Après avoir représenté 178 heures de diffusion sur les chaînes de télévision en 2011, le programme court a naturellement conquis le média Internet et sa dictature du zapping. D’abord en prolongeant la démarche sur les différentes plateformes de diffusion vidéo. Ensuite, par la mise en place de sites de marques dédiés, permettant d’enrichir encore cet univers de la marque par de nouveaux contenus et de l’élargir au-delà de la simple relation marchande. Dans ce domaine, on peut relever notamment le site particulièrement raffiné dédié au voyage de Louis Vuitton. Une façon de préempter un univers en cohérence avec les produits phares de la marque (les sacs de voyage) tout en l’inscrivant résolument dans le haut de gamme grâce aux contributeurs de choix (Angelina Jolie, Bono ou Sean Connery). Plus « proche » de nous, Orange a produit, durant la Coupe du monde de rugby 2011, une Web-émission de cinq minutes permettant de décrypter les résultats des matchs. Une initiative en cohérence avec la démarche globale initiée en 2001, installant sa marque dans les valeurs de ce sport.
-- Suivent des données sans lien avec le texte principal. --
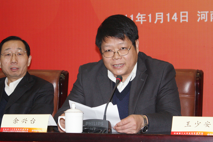 省应急办主任余兴台在讲话中表示,河南理工大学在全国应急管理领域具有领先地位,这次与河南高远公司的合作,对于我省乃至全国的应急管理人才培养、技术研发、产业发展都具有积极而深远的意义。新乡市副秘书长唐俊生、我校副校长景国勋、河南高远路业集团董事长刘廷国分别在讲话中表示要加强合作,实现共赢。
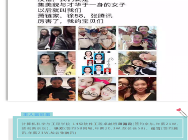在校期间同宿舍的几名学生,在学业、生活、参加竞赛、参与项目等方面表现都很优秀,并且在2018年毕业时,全部签约京东、腾讯等优质企业,就业情况非常好。软件工程卓越班学生萧海霞九月份收到了极盛科技、金山wps、链家、京东等offer,最后签约京东;徐欢签约58同城;张雪签约腾讯。

Enfin, on peut également citer le groupement Korean Tourism qui nous invite au voyage au travers du site Touch Korea proposant de nous immerger dans de petites histoires faisant pénétrer dans l’intimité de la Corée traditionnelle.
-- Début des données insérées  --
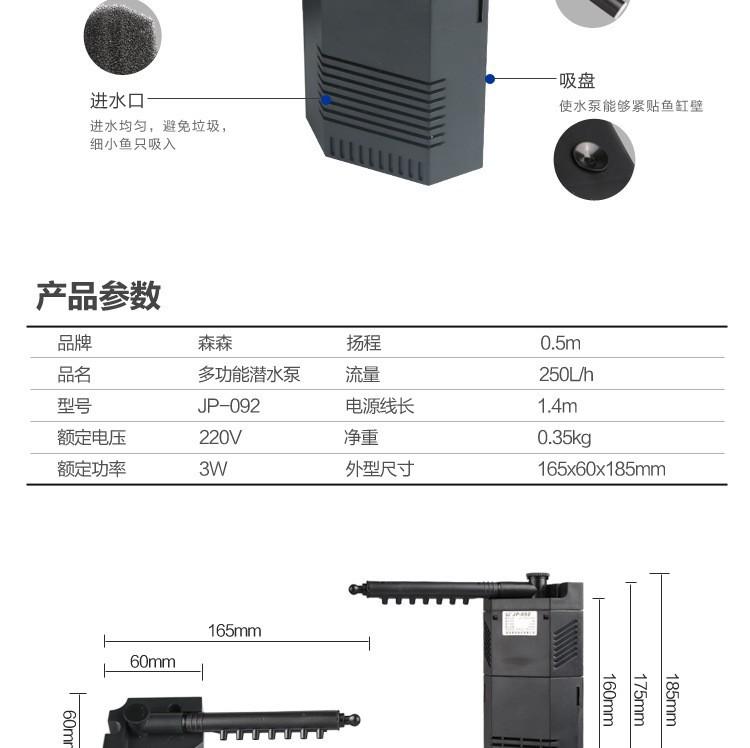 Aquário JP-092 bomba de filtro submersível multifuncional embutida em aquário JP-093 bomba de circulação

Le Web-documentaire, nouveau filon repris par les marques

Dans la même lignée, la publicité digitale reprend aujourd’hui à son compte le format du Web-documentaire qui est en train d’exploser sur la toile. Un format plus interactif, résolument multimédia, dont le succès semble mettre fin au diktat du « court à tout prix » sur Internet et met enfin l’internaute à contribution. Ainsi peut-on nommer les très remarquables Homo-Numericus, produits par SFR, relatant le quotidien des ados connectés, « à l’abri de rien » témoignant de la situation des mal-logés, en collaboration avec la Fondation Abbé Pierre ou le très esthétique « Clan Campbell » qui nous invite à visiter les terres écossaises du whisky appartenant au Groupe Pernod Ricard. La construction scénaristique et la délinéarisation des contenus permettent de littéralement aspirer l’internaute dans la narration et de remporter son adhésion, grâce à une réalisation souvent soignée où le sujet central représente un élément de l’histoire. De quoi encore accentuer la relation directe et tangible que toute marque tente d’établir avec son client. D’autant plus que cette évolution du discours des marques vers une fourniture de contenus de plus en plus élaborés semble répondre à un véritable besoin. Une étude menée par Yahoo! France sur les « perceptions et attentes des internautes en matière de Brand Content » indique, entre autres, que 72 % des personnes interrogées considèrent les marques créant du contenu comme innovantes. Une opportunité que de nombreuses entreprises sont aujourd’hui prêtes à expérimenter. Reste à savoir si elles sont toutes susceptibles de pouvoir le faire.